V7 Ltd.
- Trade name: V7 Labs
- Company type: Private limited company
- Industry: Computer Software
- Predecessor: Aipoly
- Founded: 2018; 7 years ago in London, United Kingdom
- Founder: Alberto Rizzoli; Simon Edwardsson;
- Headquarters: London, United Kingdom
- Products: V7 Darwin; V7 Go;
- Website: www.v7labs.com

= V7 (company) =

London-based software company

V7 Labs (legally V7 Ltd) is a London-based software company that develops tools for annotating visual data and automating document-based workflows using large language models. The company originated as Aipoly, founded in San Francisco in 2015, and rebranded as V7 after relocating to London in 2018.

== History ==
The firm launched as Aipoly in 2015, releasing a mobile application that generated audio descriptions of objects for visually impaired users and later developing computer-vision systems for retail. In 2018 it moved to London and adopted the name V7.
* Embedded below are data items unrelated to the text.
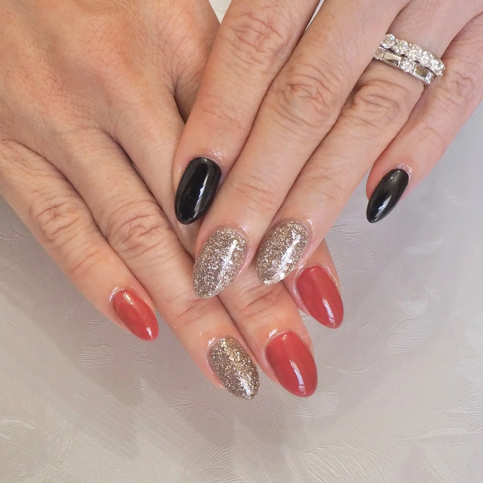 同じデザインでも「片手ずつ色が違う」だけで、指先の動きに表情が生まれます。
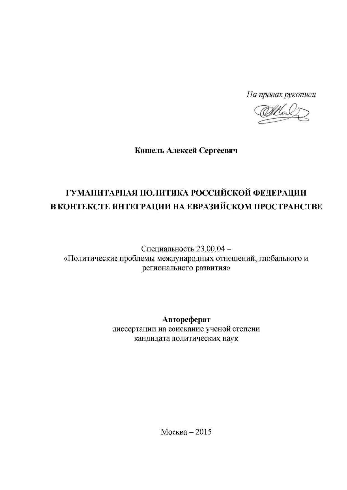 Гуманитарная политика Российской Федерации в контексте интеграции на Евразийском пространстве диссертация . Научный руководитель: . . .
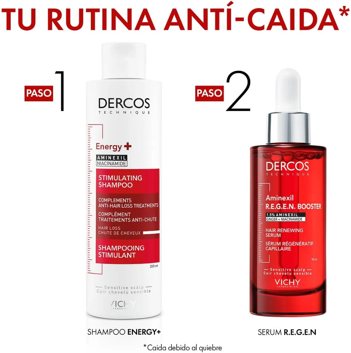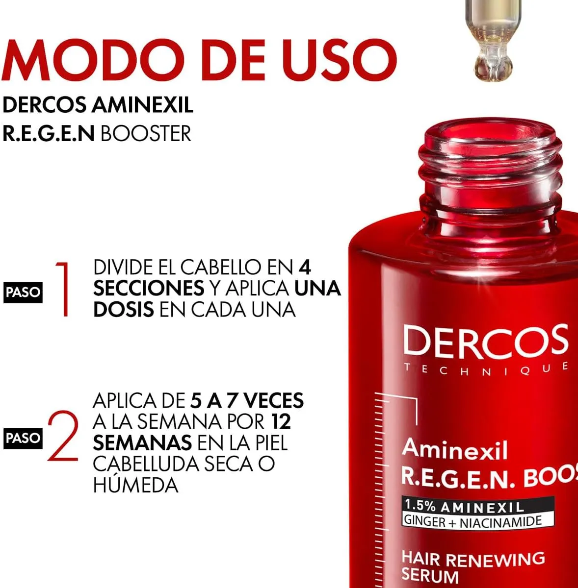 يعتمد سيروم Vichy Dercos Regen Booster على مزيج فريد من المكونات النشطة التي تعمل بتآزر لتقديم أفضل النتائج لتجديد وترطيب الشعر:
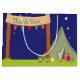 Camping Födelsedagsfest Sleepover Khaki Grönt Large Gift Bag för att presentera en liten gåva till dina gäster som ett minne av ditt speciella tillfälle. Texten kan ändras till kostym enligt era egna önskemål. Konstverk av Jessica Weible (80)

The company's Darwin platform includes image-annotation tools and model-training workflows incorporating active learning. In 2022 the company released a Chrome extension intended to detect AI-generated profile images.

In April 2024 V7 introduced V7 Go, a platform for automating document and office workflows using large language models. Its users uploads files and it issues natural-language instructions, with applications such as invoice processing and document summarization.

== Operations ==
V7’s software has been deployed in medical imaging and related healthcare workflows, including dataset creation and annotation for training models to identify findings on diagnostic scans and support DICOM-based pipelines. It's also used in pharmaceutical manufacturing, such as computer-vision systems for visual inspection tasks on production lines.

=== Technology ===
V7's applications are used in document processing, where its software automates steps such as information extraction, invoice processing, and document summarization through large language models and multi-step workflows. These applications have also been deployed for legal document review, including extracting structured data from contracts and due-diligence materials.

V7 technology is also used in agricultural robotics, where the platform supports dataset creation and model iteration for crop identification tasks.